Она начала меняться, медленно и при этом неровно; то она казалась юной девушкой, нелепо одетой, но очень хорошенькой, улыбчивой, жемчужной; то превращалась в старуху семидесяти лет – нежную дряблую личинку, пристойно украшенную жеваными кружевцами. Перемены эти были лихорадочны и слишком скоры; казалось, в одном узеньком теле живут, сменяя друг друга, бабушка и внучка. По всему выходило, что в семье Елизаветы Николаевны, когда она была подростком, произошла катастрофа, повлекшая тотальный запрет на жизнь. Юное существо, лишенное права на ошибку, смотрящее прямо перед собой до странности тусклыми глазами, – такими становятся прилежные девочки, если их слишком рано перестают любить и опекать. Этот тусклый взгляд поразил Эртеля на снимке седьмого класса, где будущая маленькая вдова, самая маленькая из всех недооформленных девчонок, сидела в первом ряду, с руками на коленях, знакомо связанными в узелок.
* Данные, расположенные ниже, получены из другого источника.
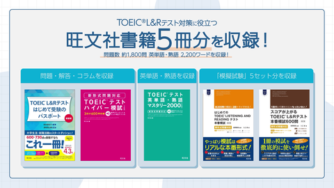 同ソフトには、株式会社旺文社が出版したTOEIC L&Rテスト対策に役立つ書籍5冊分の内容を収録。約1,800問の問題と2,200語の英単語・熟語が収められている。ユーザーは「試験ガイド」「英単語・熟語」「模擬試験」などのモードを通じて、実力に応じた効率的な学習が可能だ。
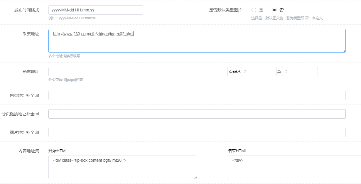 您好 采集这个只能由您那般配置 这个是需要根据您采集的网站来配置的 您如果需要测试功能的话 您可以去看下我们演示站的哪个采集 按哪个采集试下 只要新浪的布局没改 应该是可以的

Руки Елизаветы Николаевны, словно обклеенные папиросной бумагой, были испорченными и неловкими руками падчерицы – хотя внятных свидетельств присутствия мачехи в семье Эртель не уловил. Видимо, катастрофа не закалила, но оглушила послушную школьницу. Оглушенной она досталась пожилому мужу, чьи дополнительные подбородки и боязливую манеру брать карабин за ствол, будто кочергу, Эртель вспоминал теперь с каким-то едким отчаянием.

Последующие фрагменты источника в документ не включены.